Thomas's Originalism Is "Unsettling"

by PG

A couple weeks ago, D.C. Circuit Chief Judge Douglas Ginsburg visited Columbia at the invitation of the Federalist Society, to speak about Originalism in Constitutional Interpretation. I missed the beginning of his talk, but was in time for the Q&A. One student asked why Judge Ginsburg had signed onto an opinion of a colleague's, with which the student apparently disagreed and found inconsistent with the principles Ginsburg had espoused in his speech. Ginsburg reminded the questioner that the D.C. Circuit is an inferior court bound by the Supreme Court's precedent, such that judges are obligated to apply that precedent as best they can. He added that some of the Supreme Court justices, especially Scalia and Thomas, did try to bring originalism to the Court.
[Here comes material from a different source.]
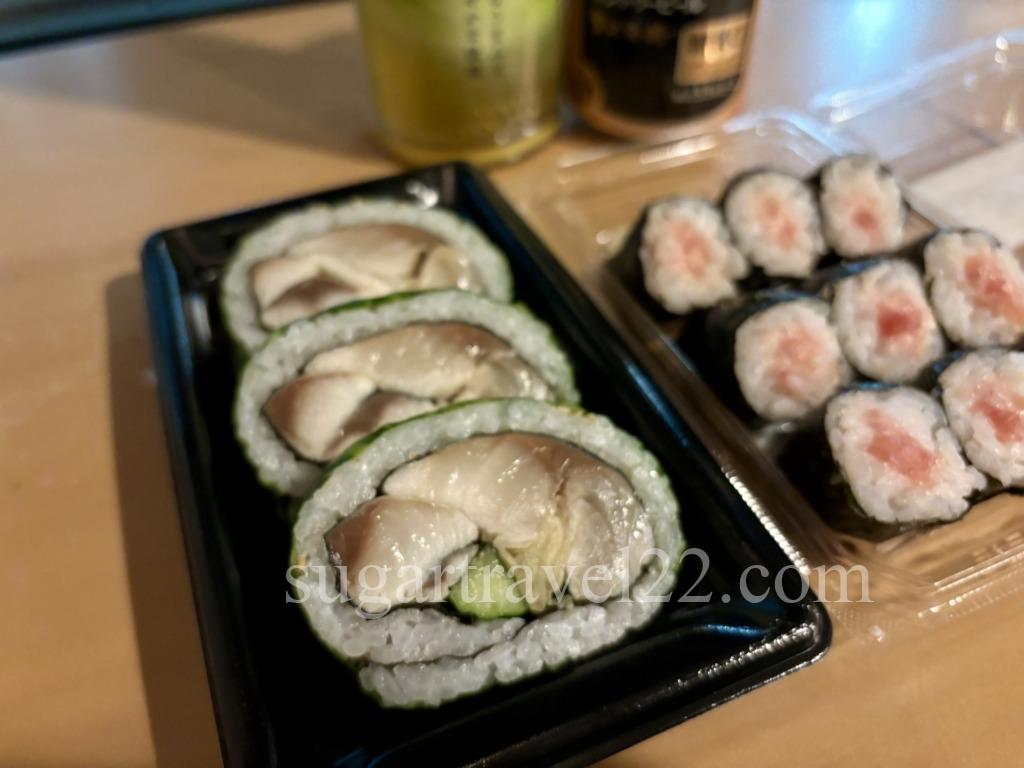 東京駅で買った鯖の巻き寿司とねぎとろで乾杯としました。

Following up on that question, I essentially asked Judge Ginsburg if he could explain Justice Thomas's "originalist" concurrence in in the Bong Hits 4 Jesus case, given that it drew on 19th century schoolmaster behavior to determine how the free speech aspect of the First Amendment applied to schoolchildren, without contemplating the result of such a standard for how freedom of religion applies to schoolchildren. (Schoolmasters and judges apparently didn't think the mandatory Protestant prayer and Bible reading were violations of schoolchildren's First Amendment rights back then, so if we applied the "what was good for kids in 1837 is good for 'em now" rule, the five Catholic justices' own offspring could be forced into religious observances with which they do not agree. Moreover, Thomas's concurrence in Rosenberger v. UVa makes clear that he does think the First Amendment's religion clauses apply to state institutions.)
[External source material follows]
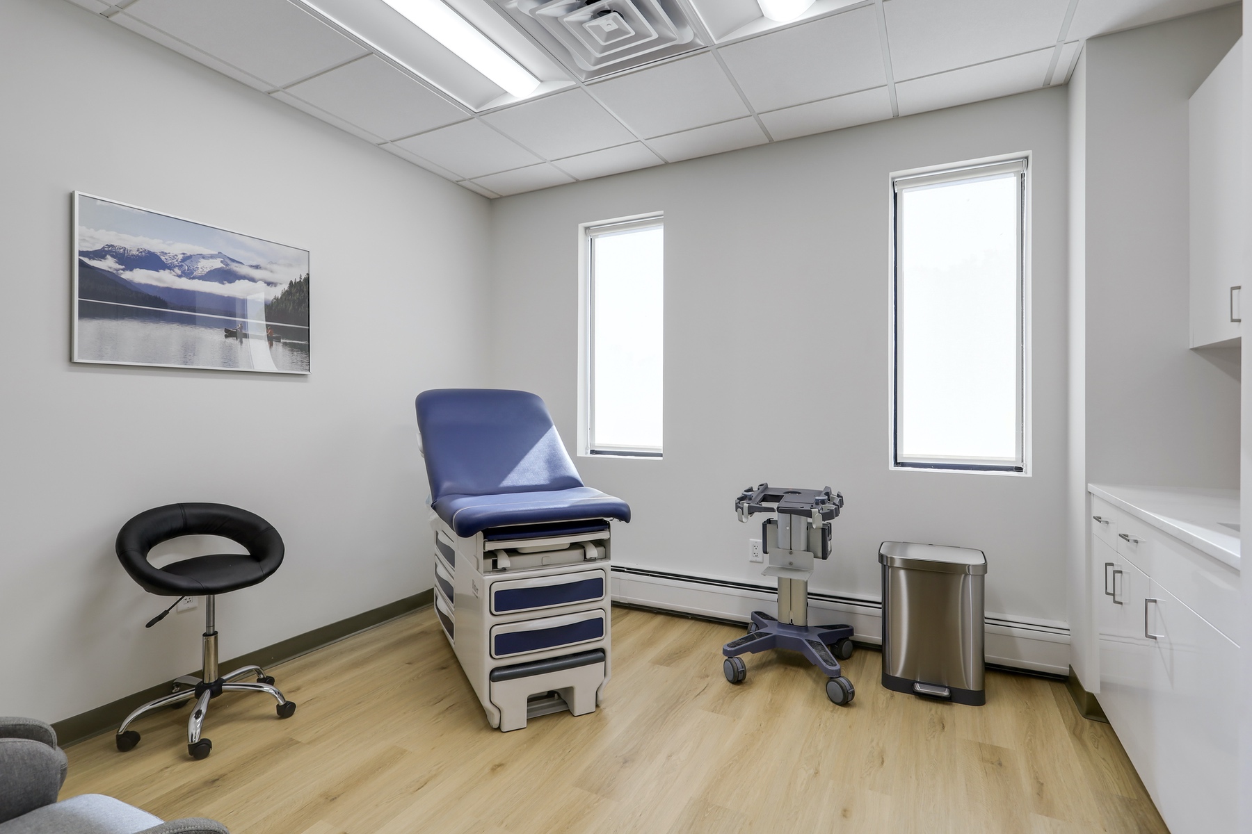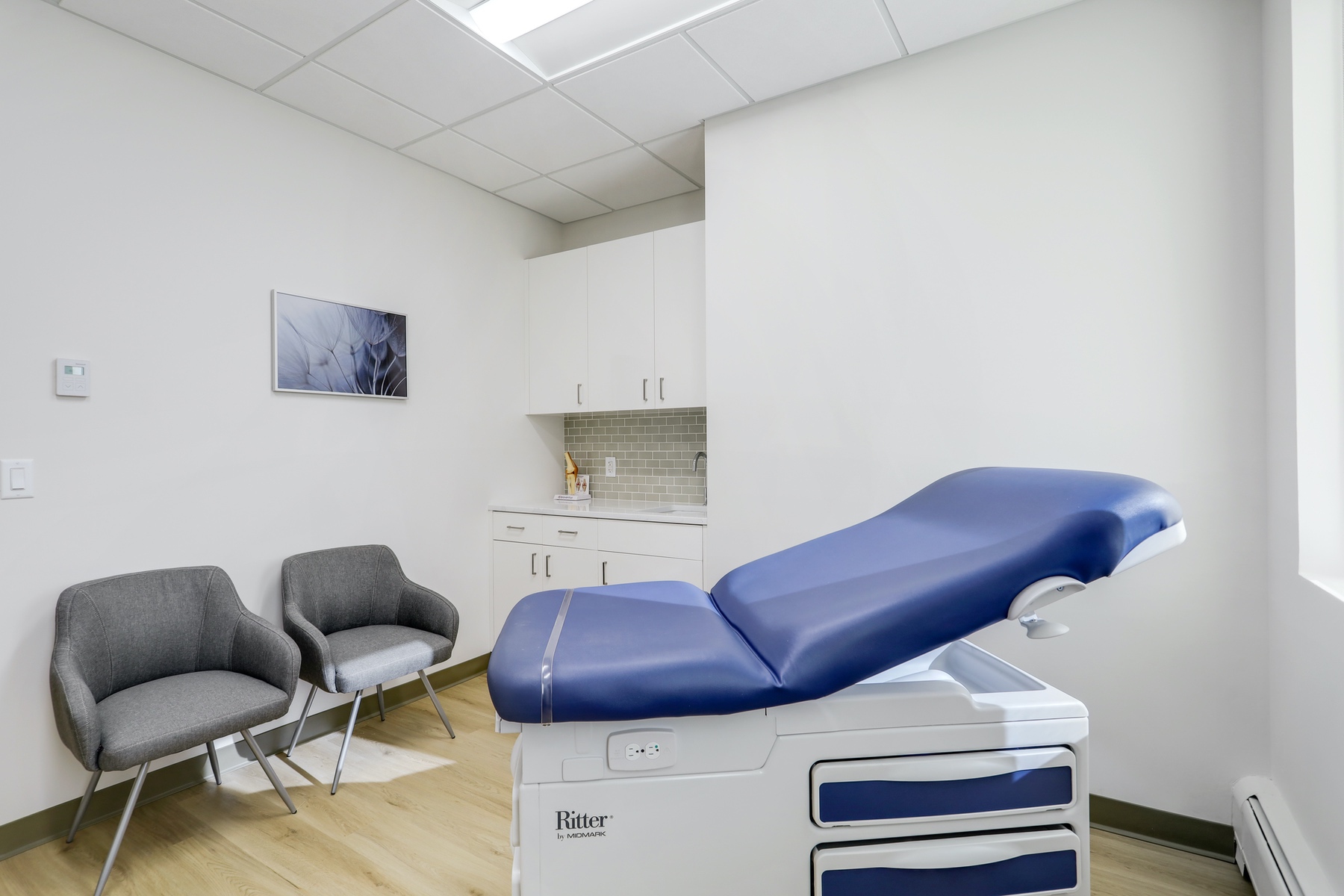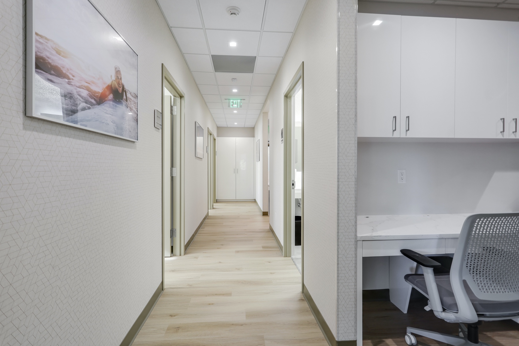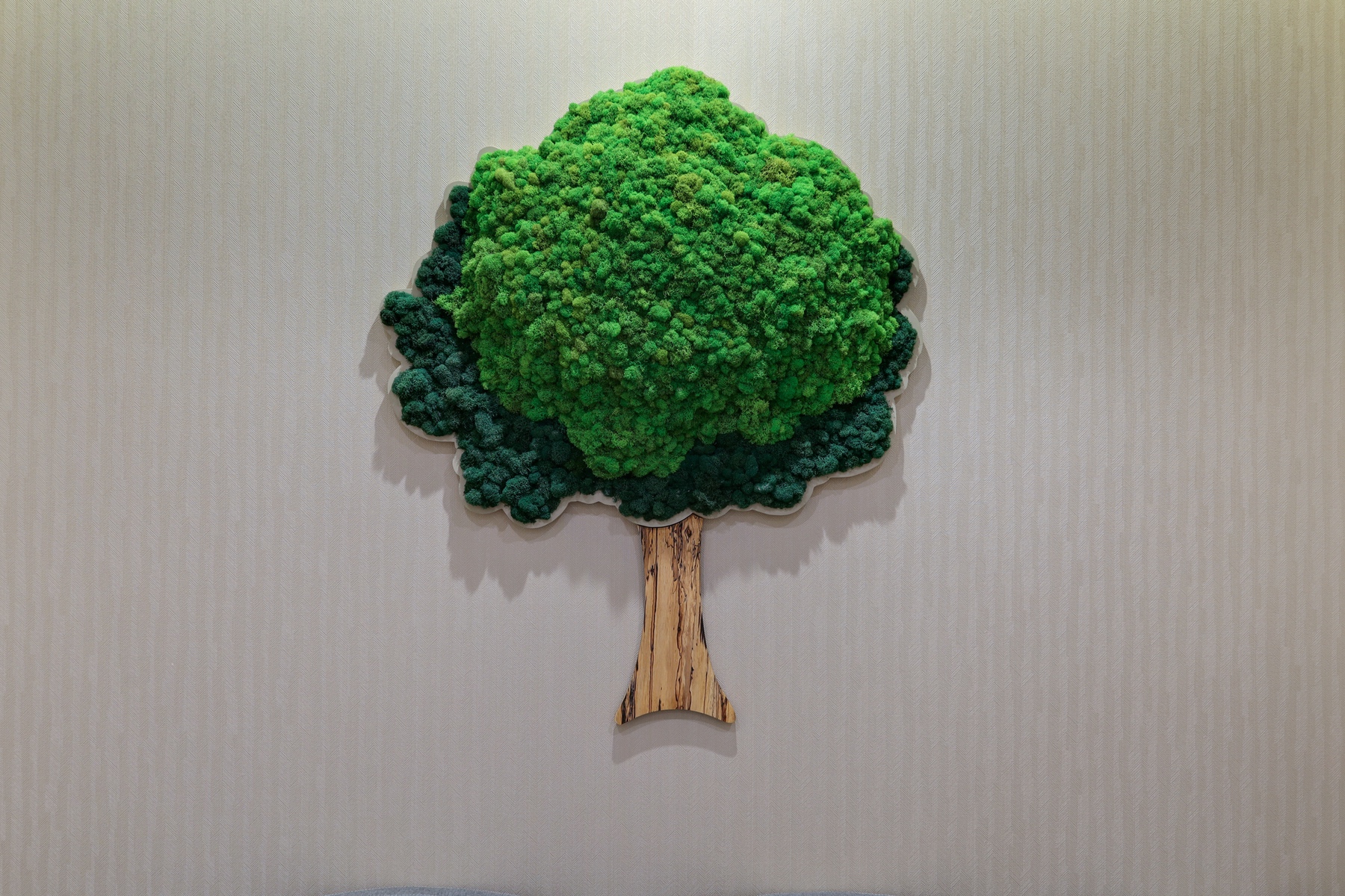 This state-of-the-art facility combines cutting-edge medical technology with a soothing environment to help patients feel confident and at ease in their surroundings. White oak floors provide warmth while the wood feature wall behind the reception desk offers a soothing nod to nature. The waiting area is highlighted by a custom live-moss art sculpture in the shape of the facility’s tree logo.

Judge Ginsburg said he wouldn't address the specific opinion, but he did say that he found Justice Thomas's writings on the Establishment Clause to be "unsettling." As John C. Eastman has put it, Thomas takes an emperor-has-no-clothes attitude toward Establishment Clause precedent and the other justices' interpretation thereof. This creates instability and uncertainty for lower court judges like Ginsburg, who on the one hand may sympathize with Thomas's originalism, but on the other hand still must apply the precedent.

December 14, 2007 1:47 AM | TrackBack
Comments

But Thomas' solo concurrence is not precedential.